● **Work item**
Using the records that follow, reproduce exactly the lines starting at the line containing "ตำบลแม่ลาน อำเภอลี้ จังหวัดลำพูน" and ending at the line containing "清晨,游客在甘肅省敦煌市鳴沙". Include both end lines and no pictures.

● **Records provided**
· · · ·

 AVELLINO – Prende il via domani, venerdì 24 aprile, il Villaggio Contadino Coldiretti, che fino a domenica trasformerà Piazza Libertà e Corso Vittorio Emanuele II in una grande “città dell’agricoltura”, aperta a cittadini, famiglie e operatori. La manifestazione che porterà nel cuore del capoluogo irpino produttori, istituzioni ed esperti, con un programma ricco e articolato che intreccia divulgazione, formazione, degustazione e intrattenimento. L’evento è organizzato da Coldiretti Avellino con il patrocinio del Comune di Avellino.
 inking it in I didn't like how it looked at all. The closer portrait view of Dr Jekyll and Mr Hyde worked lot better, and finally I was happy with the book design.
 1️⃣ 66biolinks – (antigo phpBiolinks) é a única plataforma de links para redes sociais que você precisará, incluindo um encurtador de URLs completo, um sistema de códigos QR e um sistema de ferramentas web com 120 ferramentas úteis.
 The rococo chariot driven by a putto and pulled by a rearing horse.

· · · ·

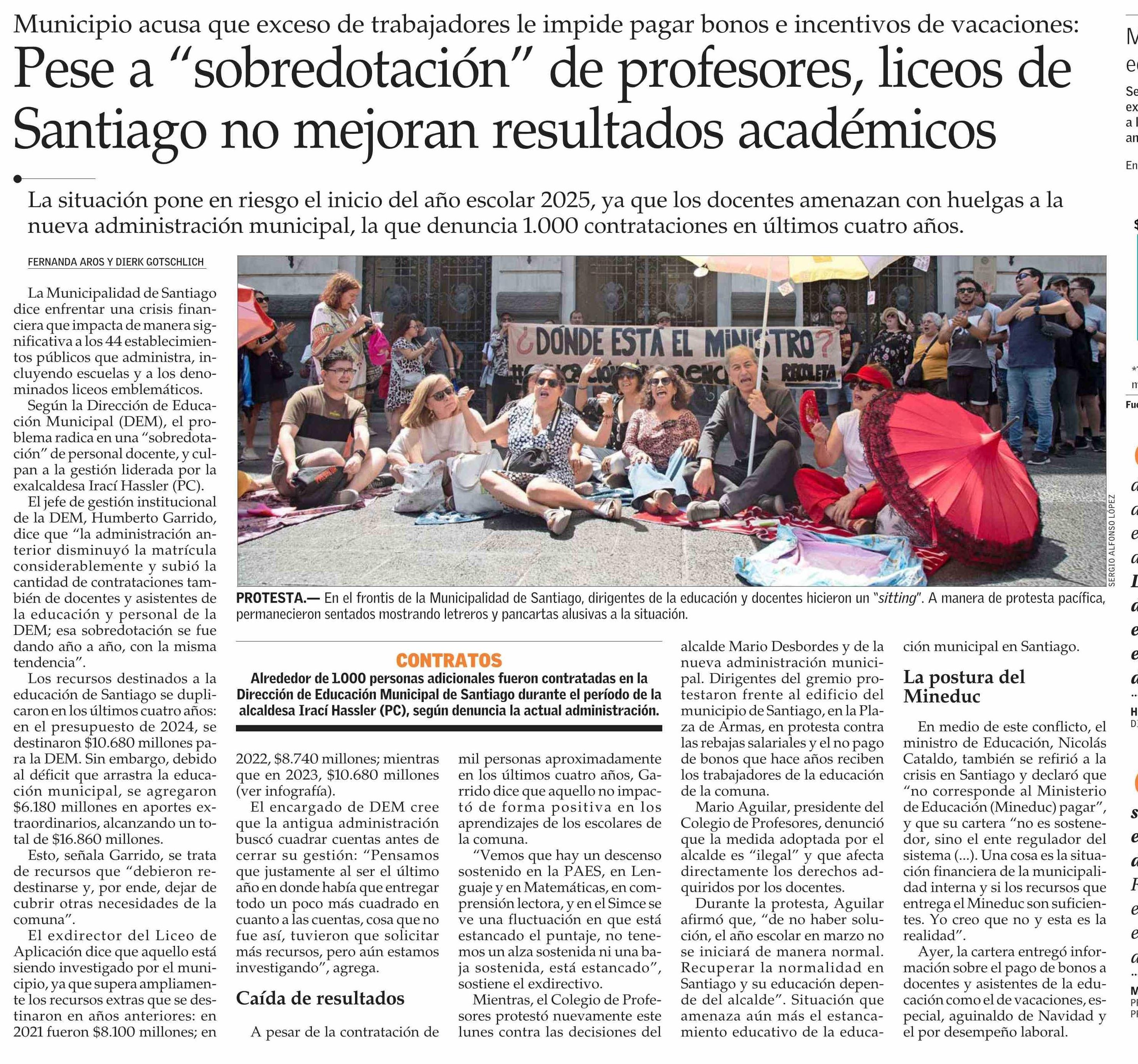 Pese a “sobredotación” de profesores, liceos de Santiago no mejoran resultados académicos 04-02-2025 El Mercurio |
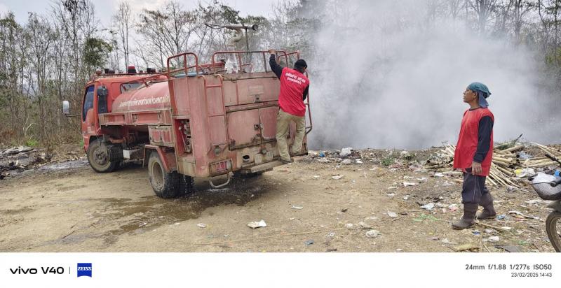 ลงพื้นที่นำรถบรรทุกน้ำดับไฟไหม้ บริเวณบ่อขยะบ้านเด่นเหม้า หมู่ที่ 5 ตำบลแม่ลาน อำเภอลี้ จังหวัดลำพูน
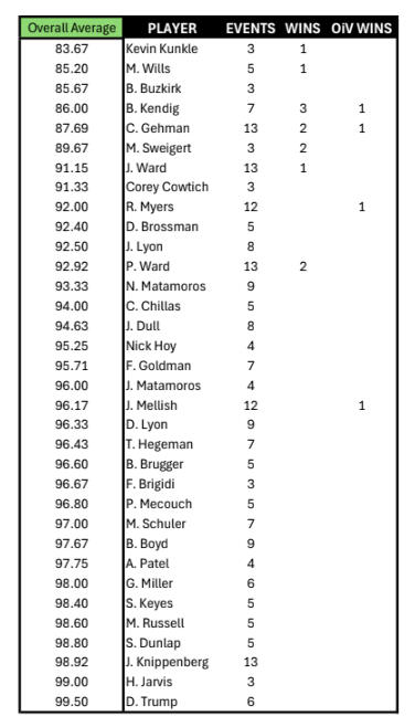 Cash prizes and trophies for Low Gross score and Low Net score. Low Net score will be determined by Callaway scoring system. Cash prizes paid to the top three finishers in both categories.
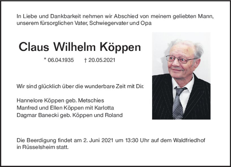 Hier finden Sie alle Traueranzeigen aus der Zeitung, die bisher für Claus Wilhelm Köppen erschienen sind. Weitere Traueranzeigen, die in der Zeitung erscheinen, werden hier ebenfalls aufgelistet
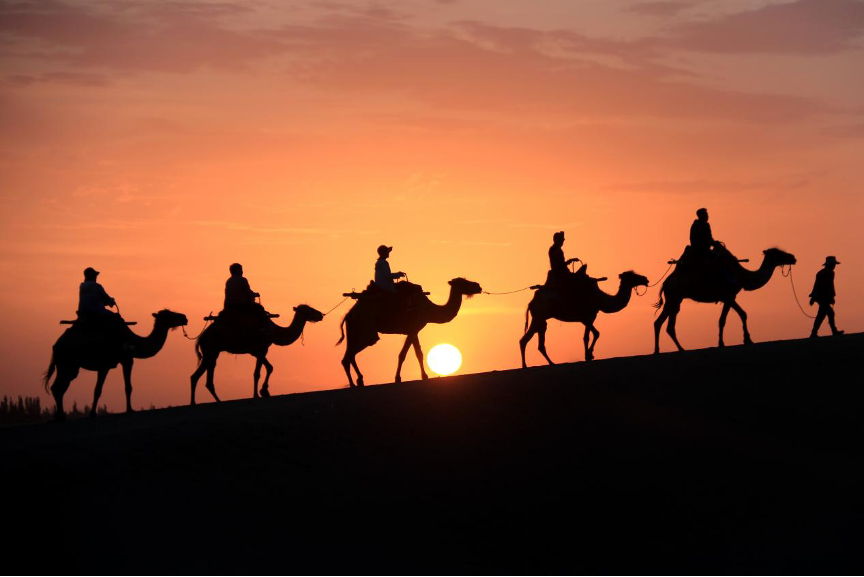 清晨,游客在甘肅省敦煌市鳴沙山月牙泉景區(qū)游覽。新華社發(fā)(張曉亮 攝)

· · · ·

● **Your response**
 ลงพื้นที่นำรถบรรทุกน้ำดับไฟไหม้ บริเวณบ่อขยะบ้านเด่นเหม้า หมู่ที่ 5 ตำบลแม่ลาน อำเภอลี้ จังหวัดลำพูน
 Cash prizes and trophies for Low Gross score and Low Net score. Low Net score will be determined by Callaway scoring system. Cash prizes paid to the top three finishers in both categories.
 Hier finden Sie alle Traueranzeigen aus der Zeitung, die bisher für Claus Wilhelm Köppen erschienen sind. Weitere Traueranzeigen, die in der Zeitung erscheinen, werden hier ebenfalls aufgelistet
 清晨,游客在甘肅省敦煌市鳴沙山月牙泉景區(qū)游覽。新華社發(fā)(張曉亮 攝)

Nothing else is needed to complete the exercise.